Toronto Music Advisory Council Noise By-Law Review
The City of Toronto continues it’s noise by-law review in the month of February with a critical consultation taking place Feb 17th, 6:30pm – 8:00 pm, Committee Room 1, City Hall. The deadline for written submissions with expression concerns and recommendations maintains the same date of Feb 17.
The recommendations in the review have the capacity to majorly affect the live music sector, particularly the decibel level of dbA 45 after 11:00pm 7 days a week.
We encourage all live music sector stakeholders to participate in the consultation both in person and in writing if possible. We’ve outlined action items with complete information on our website here:
Music Canada Live Member Tracy Jenkins of Lula Lounge presented this statement to the council on Jan 14 as a part of the continuing effort since July 2015:
“My name is Tracy Jenkins. I represent Lula Music and Arts Centre, the music presenter at the west end-venue Lula Lounge on Dundas Street West. I also work with the Dundas West BIA.
At Lula we present primarily jazz, Latin, Brazilian and world music. With the support of Toronto Arts Council, Ontario Arts Council, Heritage Canada and Ontario Tourism, we partner with businesses and area residents to supplement this year round-presenting activity with an annual world music festival. We also offer daytime music and second language educational programs for high school students. We employ about 25 staff and support the work of hundreds of Toronto artists each year.
Lula has been working with the city for many years to support culture and develop our neighbourhood in West End Toronto. We were founding members of our BIA and contributed many volunteer hours to beautify our streets and build the reputation of our neighbourhood as a vibrant centre for music and other arts. Our BIA’s original visioning study funded by the city’s economic development department, consulted with community stakeholders including residents who identified music (and diversity of culture) as characteristics that distinguishes and enriches our neighbourhood. We also worked with the city to commission avenue study for our neighbourhood to encourage density and attract residents and visitors to our area which continues to have a music and arts focus.

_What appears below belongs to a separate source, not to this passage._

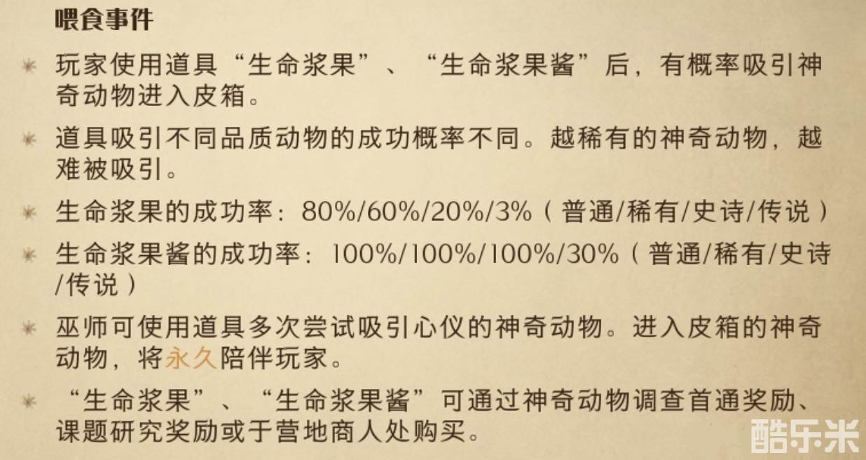 神奇动物拥有亲密度系统,亲密度提升方法为携带神奇动物战斗或者在神奇动物空间互动,神奇动物的品质越高亲密度的上限也会越高,当亲密度提升以后会增加神奇动物战斗词条的基础数值。

We are confident that the identification of our neighbourhood as one rich in musical culture has aided its development. For example, the new condo complex at our nearest corner features images of musicians and our logo in their advertising. We’ve frequently seen real estate listings that boast that properties are close to our venue.
We have never been charged with a noise violation and always take an approach of working with our neighbours to resolve problems when there is any kind of concern about our business. The owners and most managers of the venue are also residents of the area, living within a couple of blocks of where we work.
We recognize the need for objective limits on noise leakage from venues but we are concerned that the 45 dBa is below even the background noise level on our busy street and may make it difficult for us to comply. We urge you to take the time to ensure that proposed decibel limits are realistic and take into account factors that might affect the readings such as humidity and the location of the reading. We also believe that there should be some allowance for established, historical venues that pre-existed new developments in close proximity. Someone buying a condo on a busy mixed-use street next, to an established music venue, restaurant or nightclub should be prepared to accept some reasonable level of noise.
There needs to be a recognition of the contribution of existing venues to the the cultural life and economy of the city. Our concern is that by laws that have unrealistic dBa limits, high fines and no appeal or resolution process may put responsible venue operators in an antagonistic relationship with the city. Up until now Lula as been able to see itself as co-operating with the municipal government to contribute to the quality of life that Toronto offers. We want to continue that fruitful and productive relationship.
We would urge the city to ensure that the bylaws are balanced, realistic and recognize the importance of music to the economic and cultural life of Toronto.”